Boshen Xu, Zihan Xiao, Jiaze Li, Jianzhong Ju, Zhenbo Luo, Jian Luan, Qin Jin

2025-11-21

TimeViper: A Hybrid Mamba-Transformer Vision-Language Model for Efficient Long Video Understanding

Summary

This paper introduces TimeViper, a new artificial intelligence model designed to understand very long videos, like those lasting an hour or more. It combines two different types of neural network building blocks – Mamba and Transformer – to achieve this.

What's the problem?

Understanding long videos is really hard for computers. Traditional methods struggle because they either aren't efficient enough to process all the information, or they lose track of important details over time. The researchers found that when processing videos with these models, the visual information gets repeated a lot as it's passed along to the language part of the model, creating redundancy and making it harder to focus on what’s truly important.

What's the solution?

To solve this, the researchers created a new component called TransV. TransV takes the important visual information from the video and efficiently transfers it into the language model’s instructions, essentially summarizing the visuals. This prevents the repetition problem and allows TimeViper to handle videos with over 10,000 frames.

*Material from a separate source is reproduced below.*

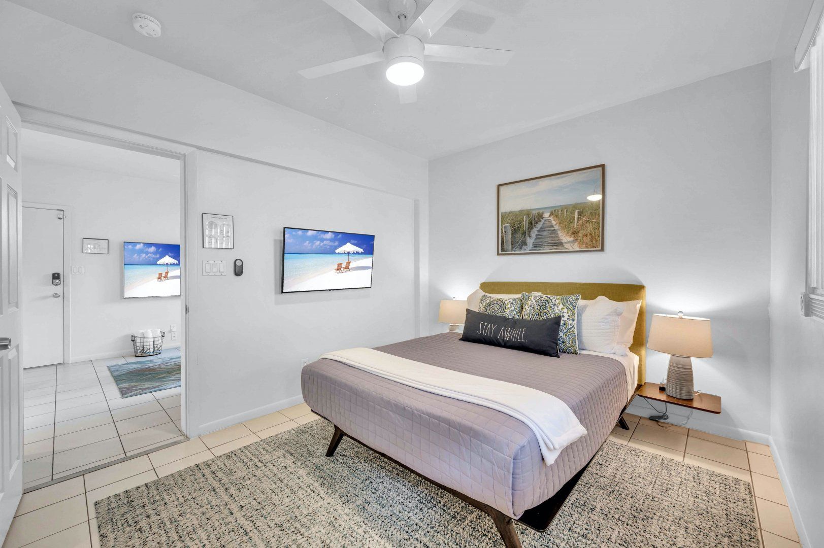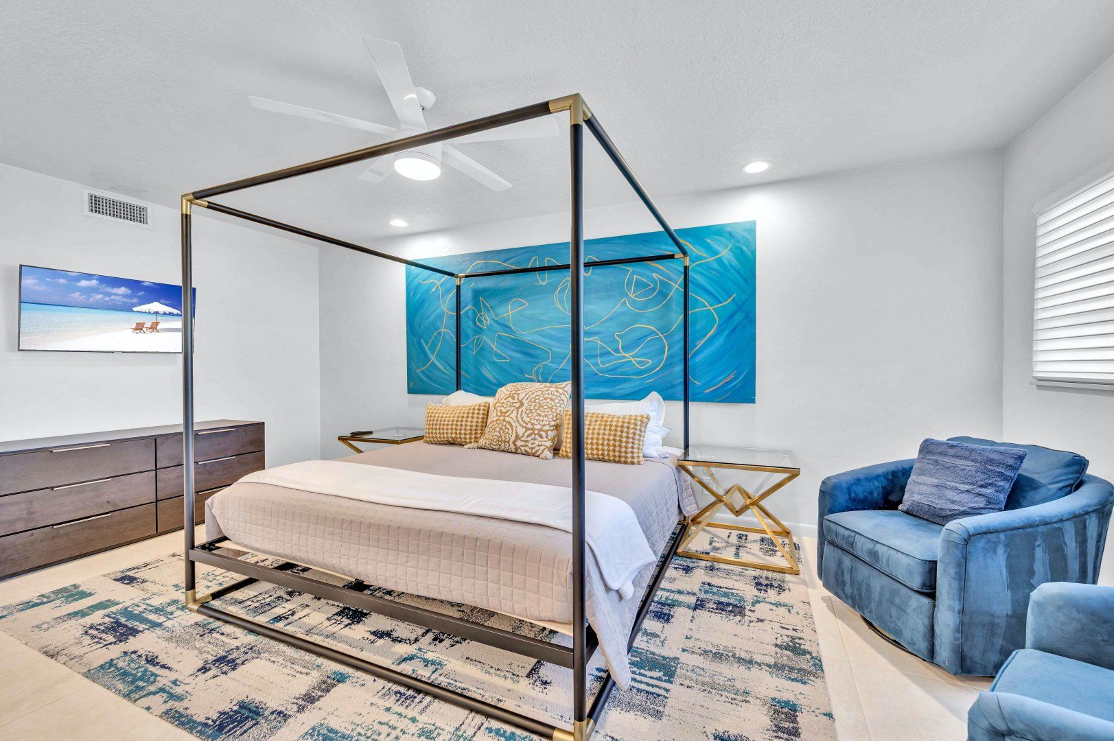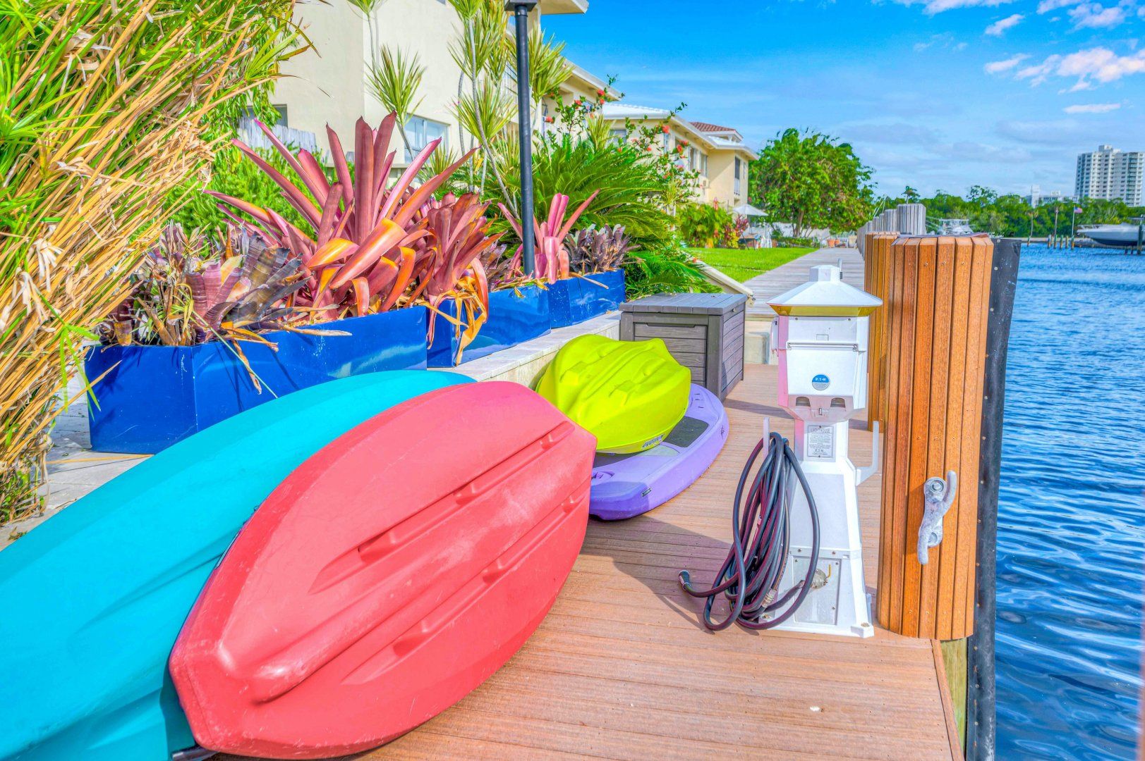 On one of Fort Lauderdale’s serene waterways, guests here have access to a shared dock to explore by paddleboard, boat or kayak. There’s also a shared swimming pool and barbecue area within the complex. The home is made up of four self-contained suites, each with its own kitchen and living room. The main unit has a glorious mid-century-style living room and gourmet kitchen, plus a dedicated office for those working remotely. A private terrace provides a spot for al fresco feasts, particularly atmospheric at sunset when the sky streaks mauve. It's a short drive to Fort Lauderdale's beaches and beach chairs, a cooler and a beach cart are provided.

They combined this with a hybrid Mamba-Transformer architecture, leveraging the strengths of both to create a more efficient and powerful model.

Why it matters?

This work is important because it represents a step forward in building AI that can truly understand videos like humans do. Being able to process hour-long videos opens up possibilities for applications like detailed video analysis, improved video search, and more sophisticated AI assistants that can understand and respond to visual content over extended periods. It also provides insights into how to best combine different types of neural network architectures for better performance and understanding.

Abstract

We introduce TimeViper, a hybrid vision-language model designed to tackle challenges of long video understanding. Processing long videos demands both an efficient model architecture and an effective mechanism for handling extended temporal contexts. To this end, TimeViper adopts a hybrid Mamba-Transformer backbone that combines the efficiency of state-space models with the expressivity of attention mechanisms. Through this hybrid design, we reveal the vision-to-text information aggregation phenomenon, where information progressively flows from vision tokens to text tokens across increasing LLM depth, resulting in severe vision token redundancy. Motivated by this observation, we propose TransV, a token information transfer module that transfers and compresses vision tokens into instruction tokens while maintaining multimodal understanding capabilities. This design enables TimeViper to process hour-long videos exceeding 10,000 frames. Extensive experiments across multiple benchmarks demonstrate that TimeViper competes with state-of-the-art models while extending frame numbers. We further analyze attention behaviors of both Mamba and Transformer layers, offering new insights into hybrid model interpretability. This work represents an initial step towards developing, interpreting, and compressing hybrid Mamba-Transformer architectures.